There would be slightly relaxed requirements for smaller reporting companies as well as foreign issuers, which would also be deemed compliant if they had at least two female directors. If adopted, companies would be obligated to disclose diversity statistics for its board and Nasdaq has a form of statistical matrix for use. Companies that fail to comply with the diversity and related disclosure requirements could face substantial penalties, including potential delisting from the Nasdaq exchange.

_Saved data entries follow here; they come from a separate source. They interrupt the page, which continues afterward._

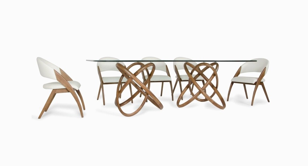 Behind the simplicity of this dining set is an exciting drama of angles and curves. The tilt of the backrest, the taper of the table legs – every detail is refined. This set comes with four handsome chairs upholstered in creamy white faux leather over plush supportive padding.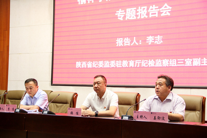 为深入推进第四个纪律教育学习宣传月活动,7月6日下午,我校在逸夫楼一楼报告厅举办“学党史”纪律教育专题报告会。陕西省纪委监委驻教育厅纪检监察组副组长张佳、三室副主任李志,我校党委副书记、纪委书记、监察专员姜劲波,全校副处级以上干部、机关科级干部170多人参加报告会。姜劲波主持。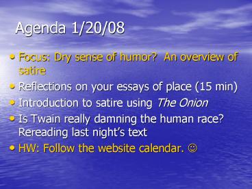 Agenda 1/20/08 PowerPoint PPT Presentation

This proposal will likely be controversial to many that are comfortable with the existing state of affairs, but many have voiced support for changes in the boardroom. Earlier this year Goldman Sachs made its support clear for more diversity on the board when they declared it will not assist a company in going public unless the company has at least one diverse member of the board. While this level of advocacy from a major player in the marketplace is a great sign of things to come for proponents of progressive corporate governance changes, opponents will argue that diversity in the boardroom is already happening on its own, companies have already taken substantial steps towards diverse representation and more “regulatory action” is not what’s needed.

Commenting on the proposal, Nasdaq’s President and CEO, Adena Friedman, said “[o]ur goal with this proposal is to provide a transparent framework for Nasdaq-listed companies to present their board composition and diversity philosophy effectively to all stakeholders; we believe this listing rule is one step in a broader journey to achieve inclusive representation across corporate America.”

If this proposal were to be approved it could cause a major shift in corporate governance and policy over the coming years. The level of disclosure required by the proposal would effectively force public companies trading on Nasdaq to focus on diversity. But, at the heart of the proposal, the end goal is to have decision-makers look like the backbone of the company – their diverse workforce.